Unlike the original study, and like Wilcox (2018)’s replication attempt, the present study will present the instructions in the form of an online questionnaire rather than in person. The change in experimental setting may have the result that respondents are less likely to pay as much attention to the reasoning task as they would have in an in-person environment in which an experimenter is present. Ultimately, we don’t know how much of a difference this makes. However, by keeping track of response times and evaluating their written justifications, we might at least be able to estimate whether a response was thorough or rushed. Another possible benefit of administering the survey online is that participants may take it in a less stress-inducing environment, which may improve their responses.
While Wilcox (2018) included an explicit attention check in terms of a simple question (‘In the earlier scenario, how many doors were there in total (including either opened or unopened doors)?’), this study will use a passive compliance check instead.
Unlike the original study, the present study will use a pre-test to screen out participants who are already familiar with the Monty Hall problem. This is done to stay within the budget. One downside is that the pre-test may dissuade participants from working on the task (as Wilcox (2018) himself acknowledged in the Methods Addendum in his report).
An extra question (‘Did you arrive at the answer on your own?’) was added to the post-test in an attempt to screen out participants who used AI or some other resource to arrive at the answer.
The questionnaire that Wilcox (2018) used divided the task over two separate pages. In particular, the text box recorded participant’s justification for their answer was presented on a separate page from the scenario. By contrast, the present study will present all questions on one page (except for the post-test questions that inquire into familiarity with the Monty Hall problem), so that participants don’t have to keep the scenario/illustration in memory or switch back and forth. This experience is closer to the original study, where participants were given a one-page worksheet.
In the original study, participants were allowed to visually represent their justifications for their responses in various formats, such as drawings of doors. For technical reasons, Wilcox (2018)‘s study didn’t enable participants to draw such pictures. However, the ability to make sketches may be an important part of participants’ reasoning. For example, considering the various possibilities (as in Table 1 or Figure 1 above) may be an important and fruitful step in solving the problem (and, moreover, the authors of the original study intended the experimental condition to encourage such solution attempts). However, it is very demanding if not impossible to keep all possibilities in short-term memory. Similarly, some participants may choose to write formulas in solving the problem. This is difficult to do in a text box. In other words, it is possible that the Monty Hall problem can’t easily be solved without the use of external tools such as pen and paper. By limiting the ability for participants to take notes, Wilcox (2018)‘s replication study may inadvertently have interfered with participants’ reasoning in a non-trivial way that affects the results. Therefore, participants will be allowed to create drawings on paper and to upload a photograph of their work.
A different coder (myself) will code the justifications as correct or incorrect according to the criteria specified in the original paper. The results could be influenced by imperfect inter-coder reliability, i.e. the original coders and Wilcox (2018) may have applied slightly different coding criteria than I did.

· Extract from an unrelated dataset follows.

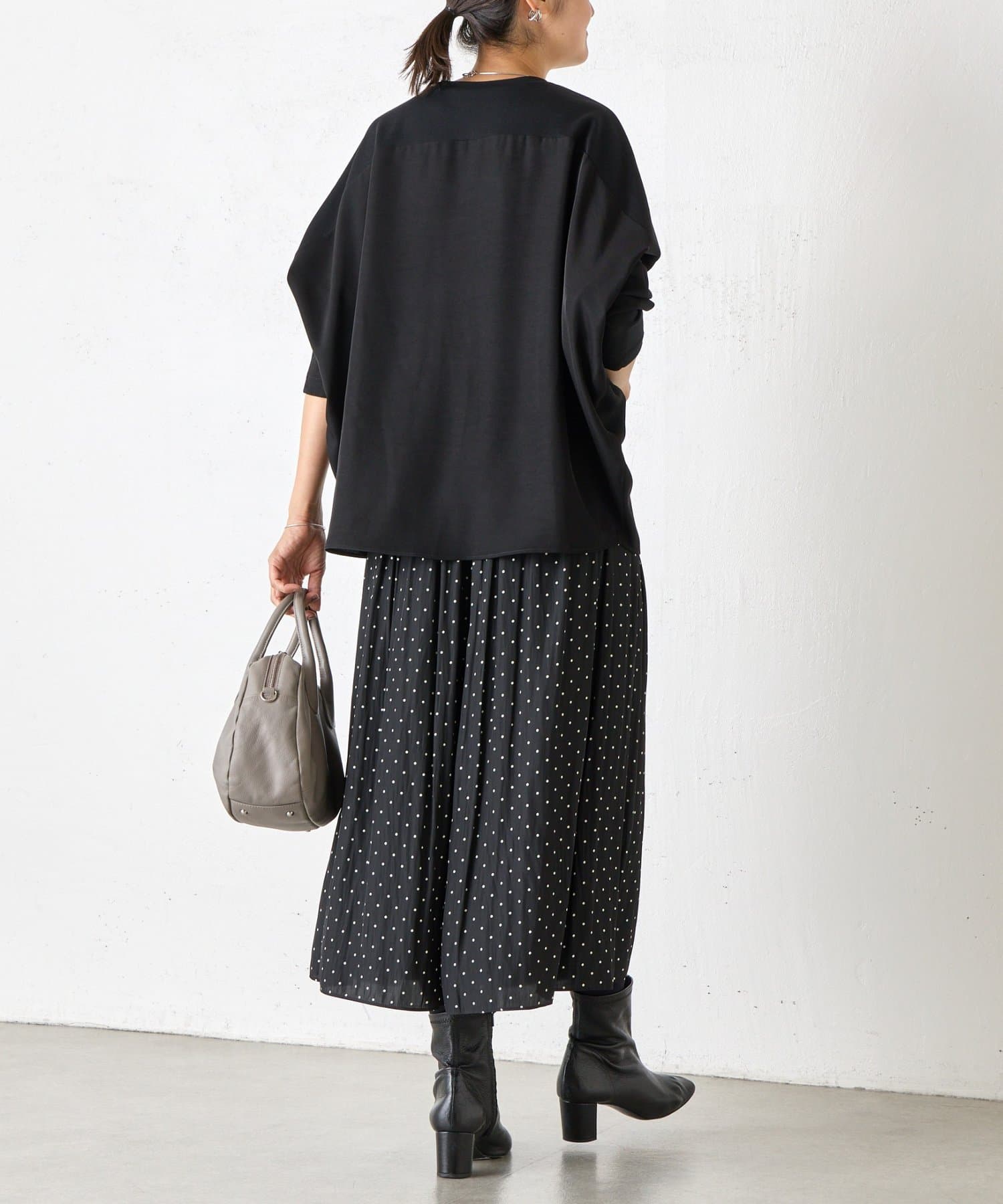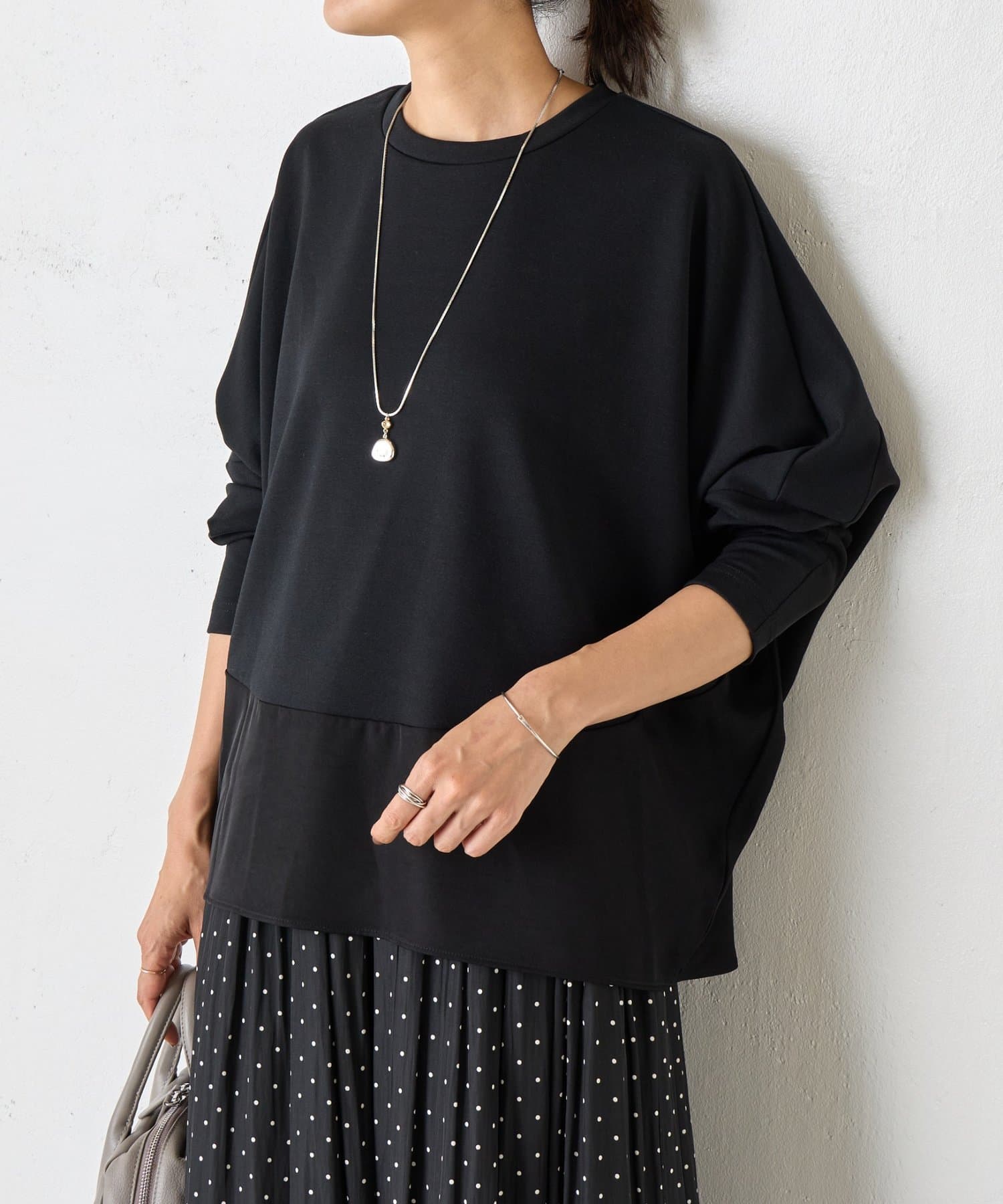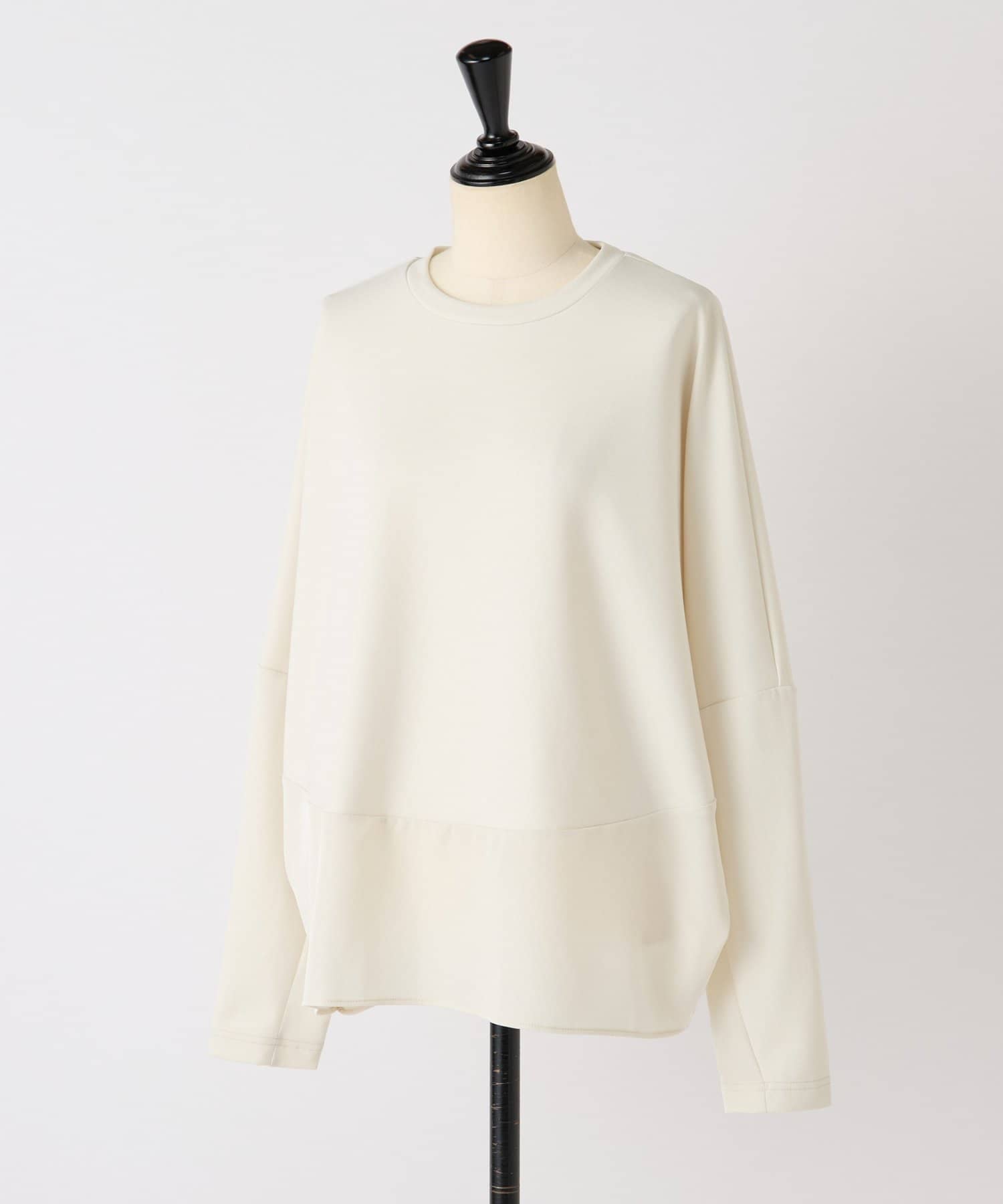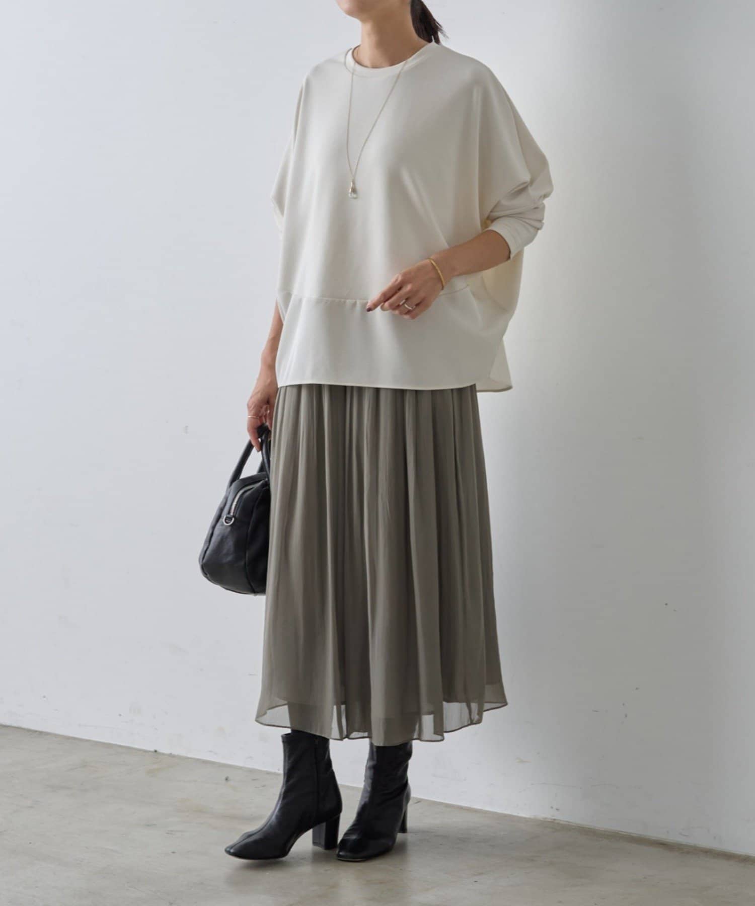 ゆったりドルマンスリーブで体のラインを拾いにくく、ルーズになりすぎない絶妙なシルエットが魅力。

Methods Addendum (Post Data Collection)

Actual Sample

300 potential participants were pre-screened on Prolific, 100 of which participated in the experiment. The average age of those 100 participants was 30.4 years. 45 participants identified as female, 54 as male, and 1 preferred not to disclose their gender identity. The participants lived in 78 different nations. Out of those 100 participants, 75 passed the exclusion criteria spelled out above.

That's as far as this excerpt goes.